Starting in December, guests of Biella’s soup kitchen Il Pane Quotidiano (The daily bread) will be able to count on a regular supply of quality seasonal products coming from local producers thanks to a project offering support and promoting inclusivity. This is not an ephemeral Christmas gift or a sporadic contribution, but concrete continuous help for the users of the community sharing service that over time has become a symbol of hospitality. Opened by Caritas in October 2005, the soup kitchen was created with the intention of providing a place of comfort on physical and emotional levels. It is open every day at lunchtime to serve about 90 meals, and has a reception desk to which guests refer monthly, so that they can periodically assess their personal situation and, wherever necessary, the possibility of embarking on processes aimed at alleviating their condition of marginality. Let Eat Bi and Rotaract Biella have chosen to support Il Pane Quotidiano with a project that stands in continuity with Gli Orti del Biellese (Biella’s gardens – all the details in a previous interview). The new initiative is centred on food, strictly natural, local and seasonal. Thanks to the financial commitment of the youth service club, which has already supported the soup kitchen through other solidarity activities in the past, Let Eat Bi has involved its partner farms to regularly supply the kitchen of Il Pane Quotidiano with their quality products, which include fruit, vegetables, cheeses and rice.
The first chapter was written on Thursday 1 December, when Let Eat Bi’s president Armona Pistoletto, and Rotaract’s past president Paolo Candela and club prefect Sabrina Bernardoni met at the soup kitchen together with Federico Zegna and Laura Formagnana, owners of the farm L’Orto da Asporto. The occasion saw the first symbolic delivery of four crates of pumpkins brought by the two producers from Vergnasco to Letizia Zago, kitchen manager of Il Pane Quotidiano. “I thank Let Eat Bi and Rotaract for this donation, set to become a regular weekly contribution, on our behalf and on behalf of the families who will receive the food,” she said, “for us, any help is always significant. In addition, everything that is not used in the kitchen will be offered to food banks for people who are not in a financial position to do their food shopping”. For Rotaract’s past president, Paolo Candela, this operation is the closing of a circle: last year, the project was the first service he and his club committed to supporting; now, that commitment has resulted in this initiative actually being implemented. From start to finish then, the attention has always been on solidarity. “As past president of Rotaract Biella,” specified Paolo Candela, “I am really very proud to see this collaboration with Let Eat Bi take shape. I think that a synergy between the organisations of the territory is fundamental to guarantee an increasingly substantial help for those in need. Through the collaboration with Cittadellarte, our goal as Rotaract Biella is the support of both sustainable local farming and the soup kitchen Il Pane Quotidiano, which, through the supply of crates of fresh fruit and vegetables, can ensure higher quality meals to its guests. I hope and am sure that this synergy will continue over time and make an ever greater contribution to the community”.

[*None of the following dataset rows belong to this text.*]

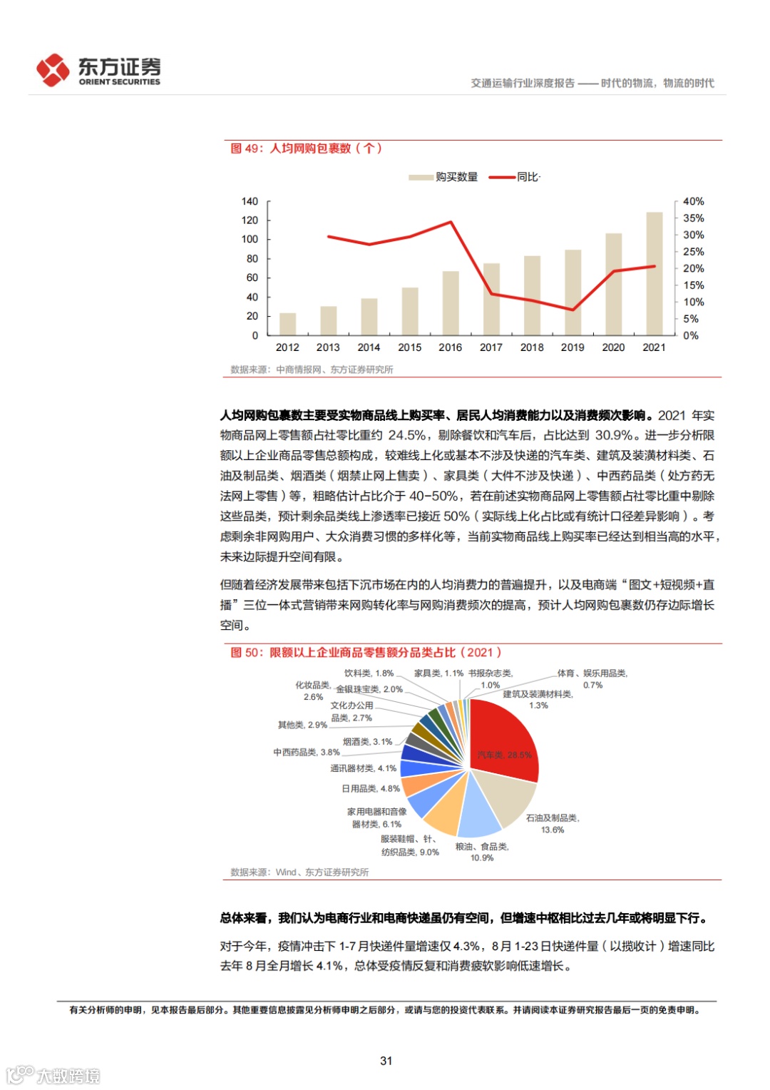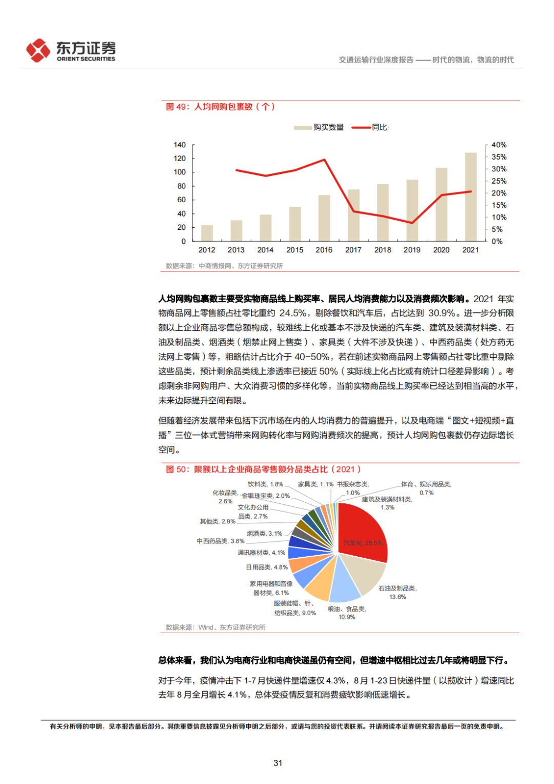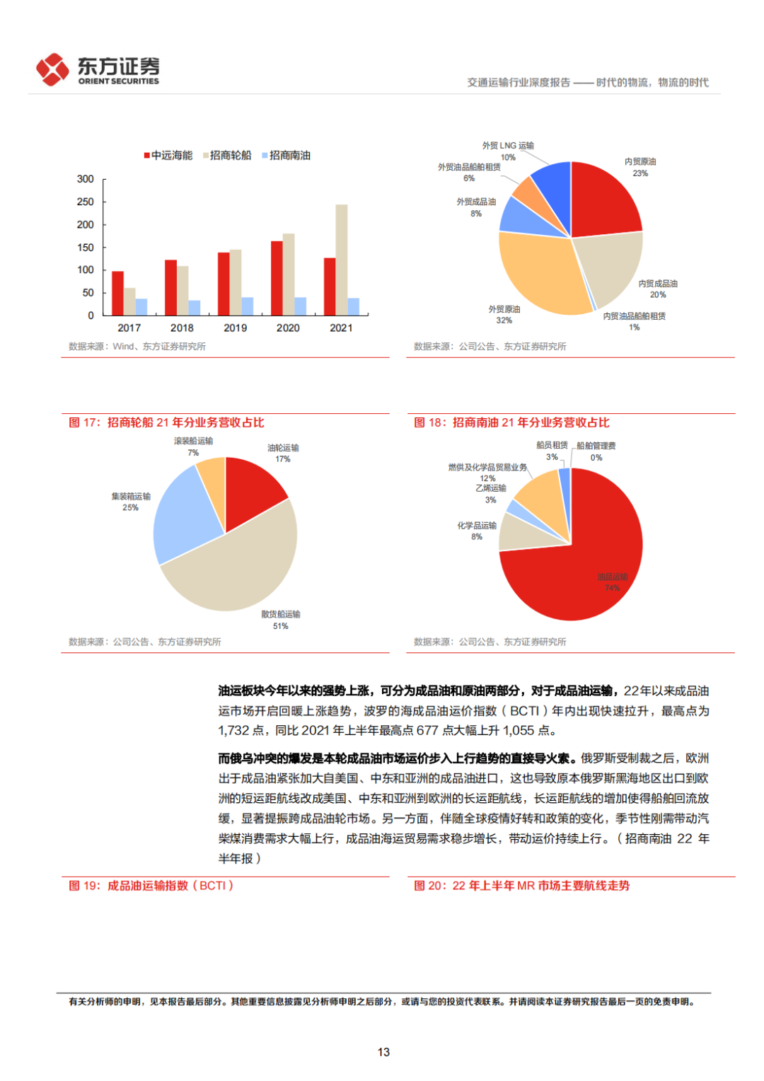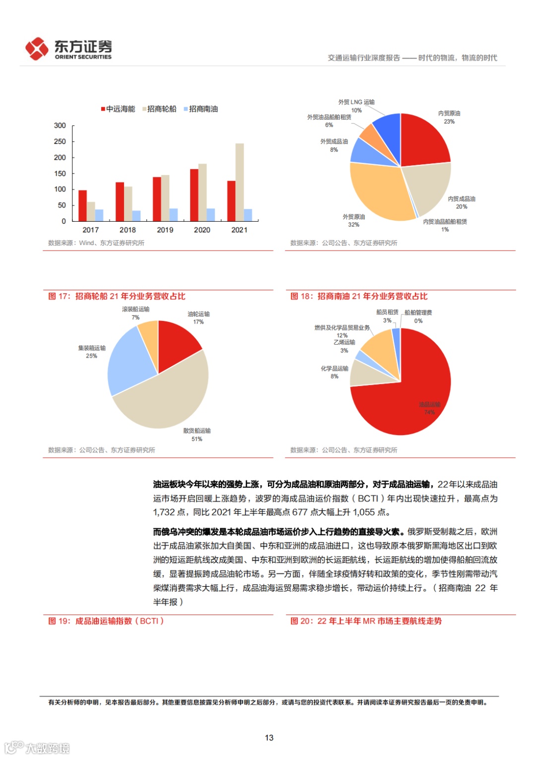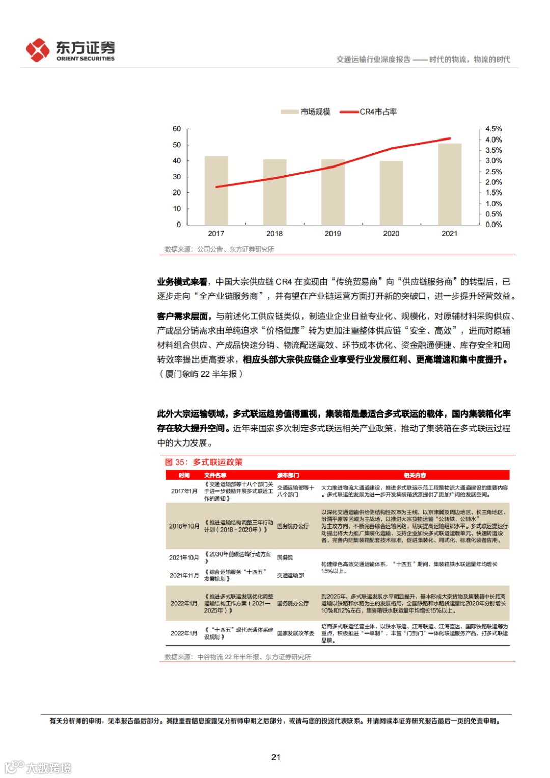 初级产品物流:关键词——能源安全和产业升级。1)煤炭运输/供应链:能源安全下的煤炭运输链条重塑;2)原油/成品油运输:国际局势“不确定”下的“确定性”;3)化工品供应链:监管趋严、产业升级背景下的化工供应链企业成长机遇;4)大宗供应链:产业升级下的头部企业价值创造之路。在当前特殊的历史时期下,我们认为能够服务于能源安全或产业升级的初级产品物流供应链企业,或将得到更多的发展机遇,最终将逐步脱离或弱化初级产品本身的周期属性,进而获得更好的业绩回报和估值溢价。
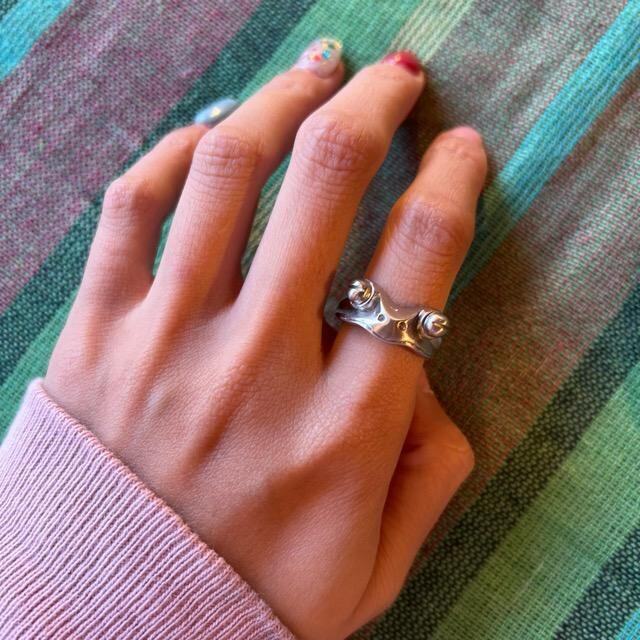 愛らしいカエルをモチーフにした遊び心溢れるデザインリング。
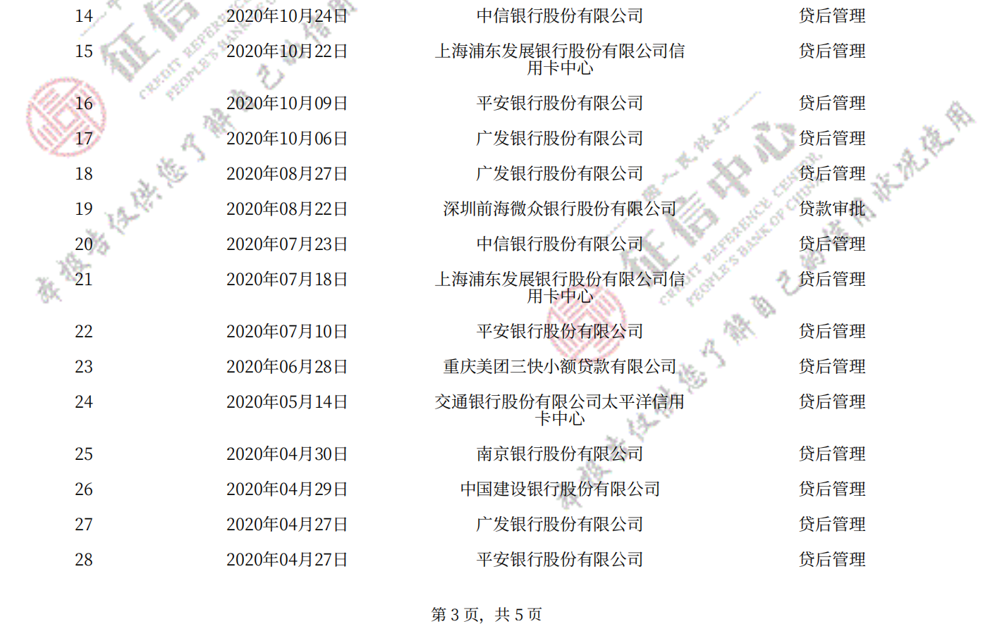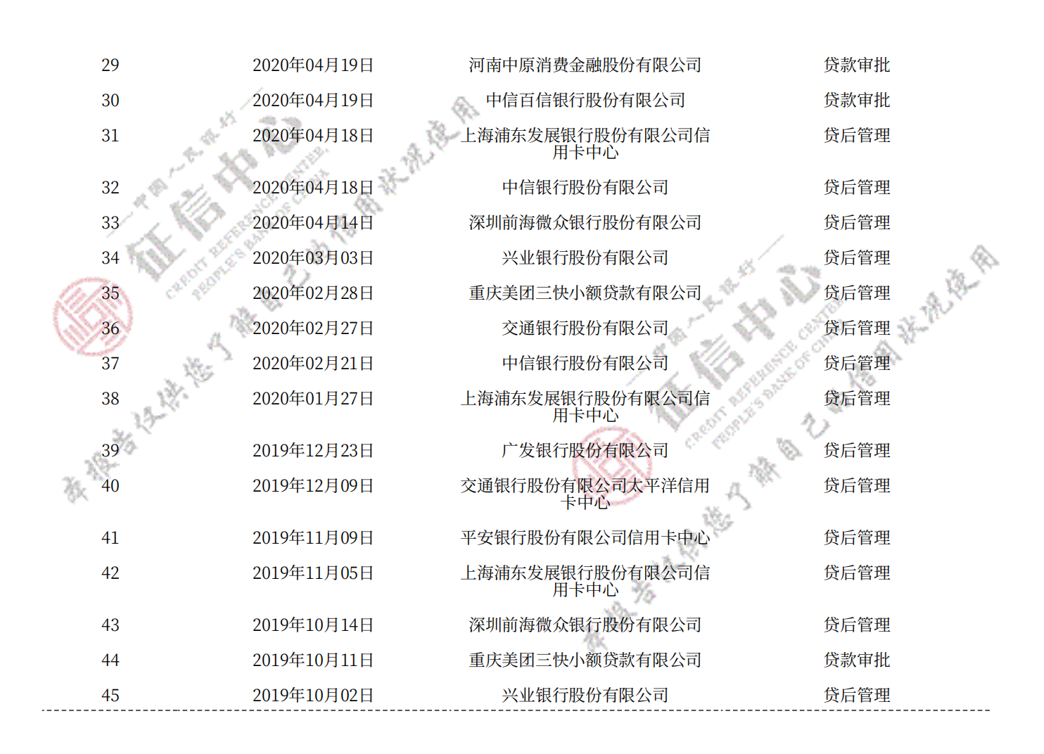 个人信用报告:根据个人的信用信息,生成个人信用报告,包括个人基本信息、信用卡使用情况、贷款记录、逾期记录等内容。
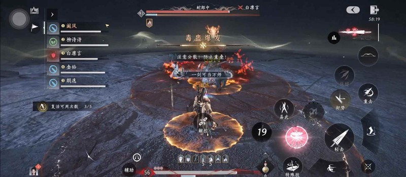 4.毒蛊爆发:每个人脚下会出现黄圈,进度条满了后会在脚底爆炸毒圈(可三段跳或在快满时闪避躲伤害),所有人分散,不要让黄泉扎堆。
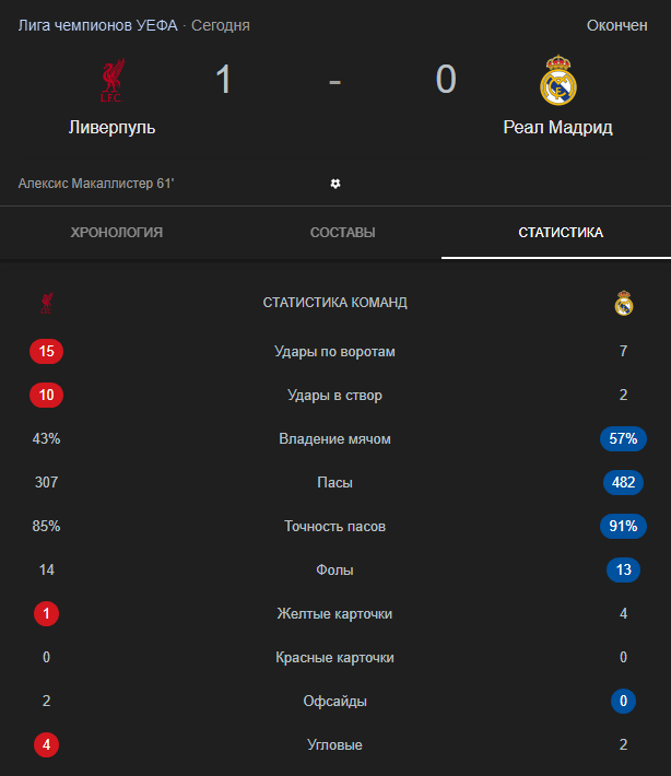 >>3411304 есть такое. По сути Экитике и Собаслай в двоем ебут весь матч. При этом оборона у ливерпуля настолько хуйня, что Карерас только что пол состава в их штрафной обыграл без труда, но почему-то Винисиус и Мбаппе нихуя не делают

Lorenzo Vetri, the new president, has enthusiastically taken up the legacy of his predecessor, in turn believing in the project and giving it continuity. “It is a pleasure for us to continue our collaboration with Cittadellarte – Fondazione Pistoletto, in particular by supporting the project Let Eat Bi, which allows us to help the soup kitchen in via Novara in Biella in an active and significant way,” said Veltri, “I really hope that this initiative can carry on throughout my year as president and in the years to come”. Let Eat Bi, for its part, also aims at aggregating, promoting and helping organise the resources and activities (knowledge, actions, projects) operating in the Biella area whose common denominator is the culture of the land, the social and natural landscape. “I am excited about this collaboration with Rotaract because it makes it possible for us to provide truly healthy, local and seasonal food to less fortunate people,” said Armona Pistoletto, “the products we deliver come from the Let Eat Bi market, where I do my own weekly shopping. Knowing that the guests of Il Pane Quotidiano also have the chance to eat these products makes the project Let Eat Bi improve its territorial value day by day,” she concluded.